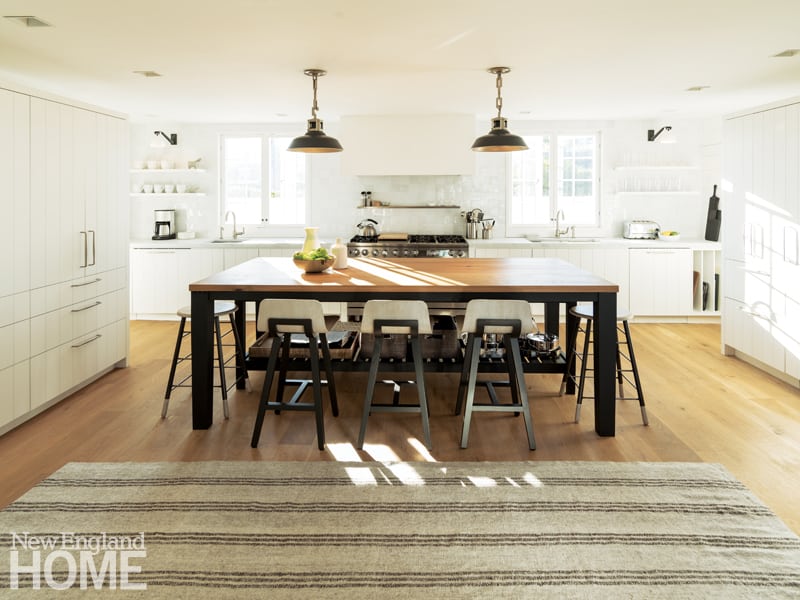 The statement-making kitchen design was a collaborative effort. The black table/island base, counter stools, and pendant lamps stand in sharp contrast to the white of the planked cabinetry, marble countertops, and a back wall covered floor-to-ceiling in white Moroccan tile. The abundance of textures and sheens was intentional, says Wells: “There’s a dull floor, dull white walls, and shiny tiles. The plaster of the range hood is chalky, the rug is woven. All in all, it’s a very tactile space.”
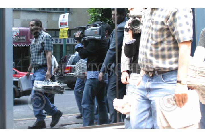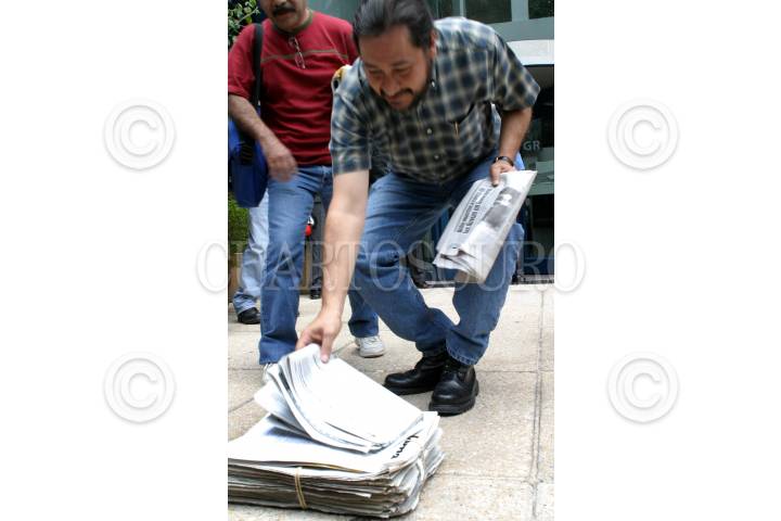 México, D.F. 08 JUNIO 2004.- Gerardo Fernández Noroña presentó periódicos de circulación nacional como pruebas de las acusaciones contra Arturo Montiel ante la PGR. FOTO: Sandra Perdomo/CUARTOSCURO.COM
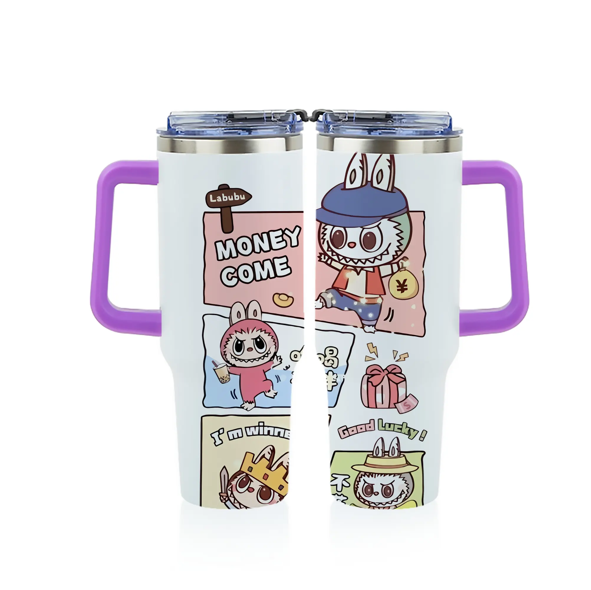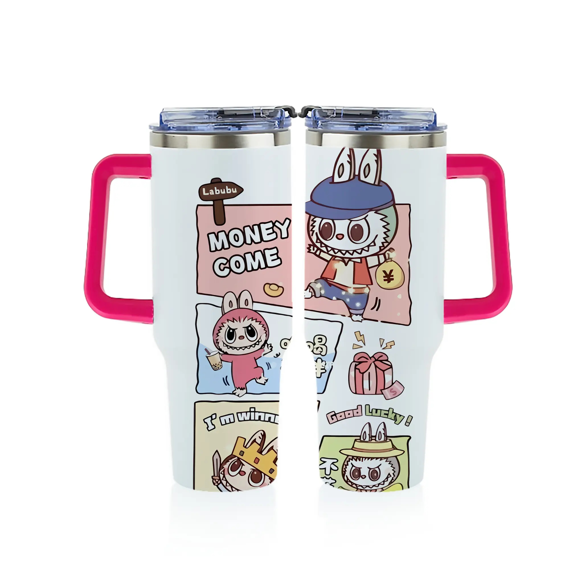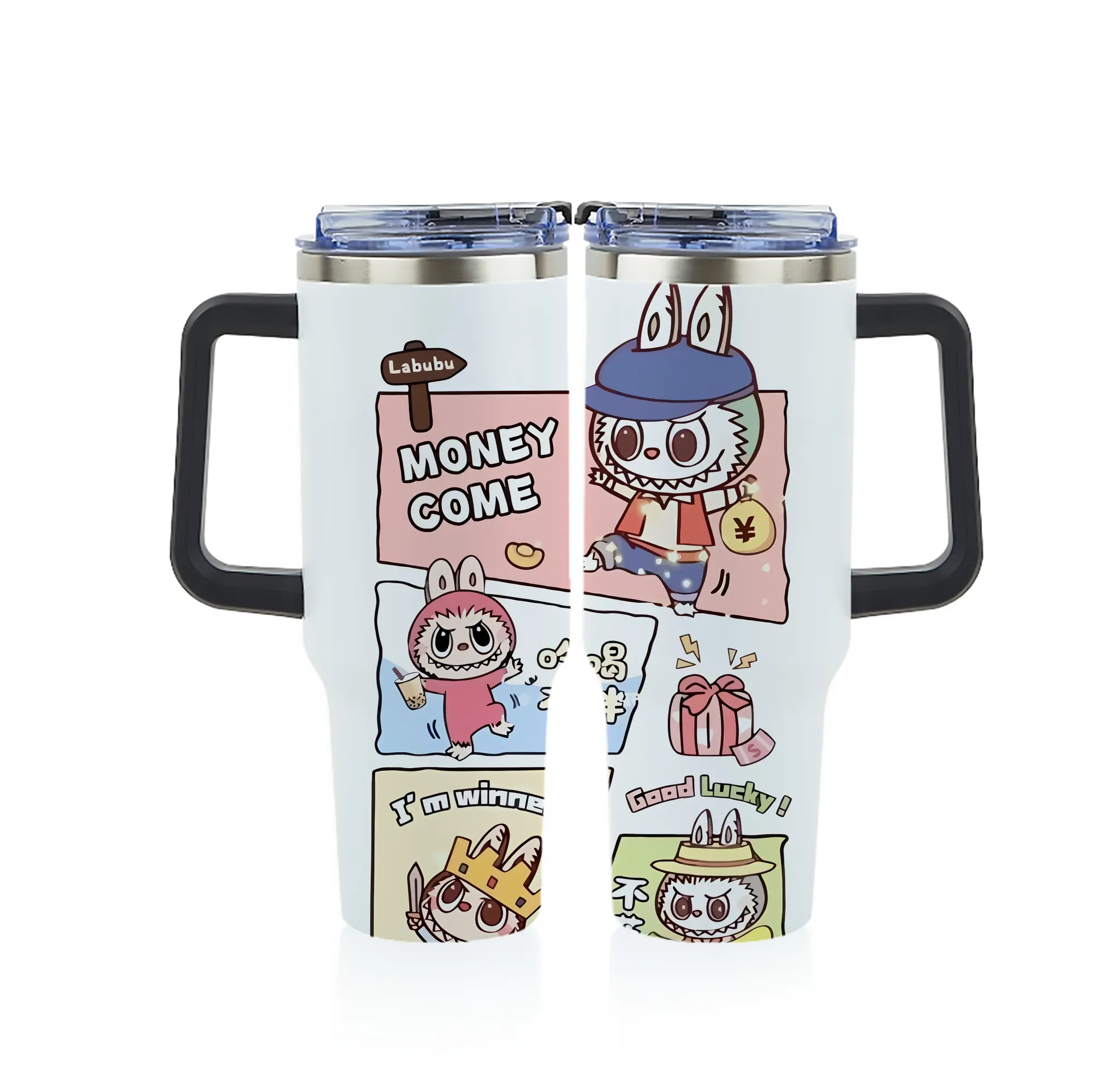 ラブブ グッズ モココ - 1200mL フルプリント車用タンブラー ・ 304ステンレス 内側 ・ 201ステンレス 外側 ・ 保温 保冷 ・ 通勤 ドライブ アウトドア用
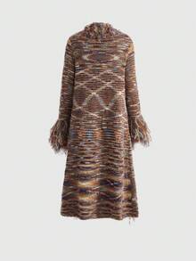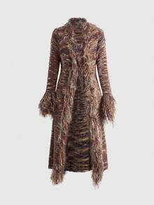 EDITION Women's Y2K Fringe Striped Long Sleeve Maxi Cardigan
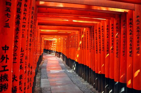 Kyoto, Japan - December 27, 2009: Orange wooden torii tunnel in Fushimi Inari Taisha Shrine. It is one of the most famous place for tourist.
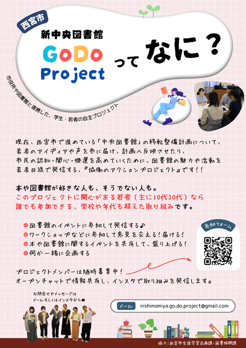 市民の認知・関心・機運を高めていくために、図書館の魅力や活動を若者目線で発信する『協働のアクションプロジェクト』です。
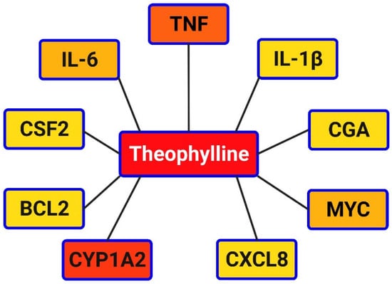 Theophylline is a well-known anti-inflammatory that exerts its effects through various mechanisms, with a notable history in the treatment of respiratory diseases with a strong inflammatory component, such as asthma and chronic obstructive pulmonary disease (COPD) and could therefore be beneficial in the treatment of COVID-19. In this sense, theophylline has been reported to have several interactions with different molecular targets (Figure 2 and Figure 3), that interact differently with several immunological routes once such targets are reached (Table 1).

EXERCISE: First drop every picture, then print the data above exactly as it stands.

ANSWER:
 The statement-making kitchen design was a collaborative effort. The black table/island base, counter stools, and pendant lamps stand in sharp contrast to the white of the planked cabinetry, marble countertops, and a back wall covered floor-to-ceiling in white Moroccan tile. The abundance of textures and sheens was intentional, says Wells: “There’s a dull floor, dull white walls, and shiny tiles. The plaster of the range hood is chalky, the rug is woven. All in all, it’s a very tactile space.”
 México, D.F. 08 JUNIO 2004.- Gerardo Fernández Noroña presentó periódicos de circulación nacional como pruebas de las acusaciones contra Arturo Montiel ante la PGR. FOTO: Sandra Perdomo/CUARTOSCURO.COM
 ラブブ グッズ モココ - 1200mL フルプリント車用タンブラー ・ 304ステンレス 内側 ・ 201ステンレス 外側 ・ 保温 保冷 ・ 通勤 ドライブ アウトドア用
 EDITION Women's Y2K Fringe Striped Long Sleeve Maxi Cardigan
 Kyoto, Japan - December 27, 2009: Orange wooden torii tunnel in Fushimi Inari Taisha Shrine. It is one of the most famous place for tourist.
 市民の認知・関心・機運を高めていくために、図書館の魅力や活動を若者目線で発信する『協働のアクションプロジェクト』です。
 Theophylline is a well-known anti-inflammatory that exerts its effects through various mechanisms, with a notable history in the treatment of respiratory diseases with a strong inflammatory component, such as asthma and chronic obstructive pulmonary disease (COPD) and could therefore be beneficial in the treatment of COVID-19. In this sense, theophylline has been reported to have several interactions with different molecular targets (Figure 2 and Figure 3), that interact differently with several immunological routes once such targets are reached (Table 1).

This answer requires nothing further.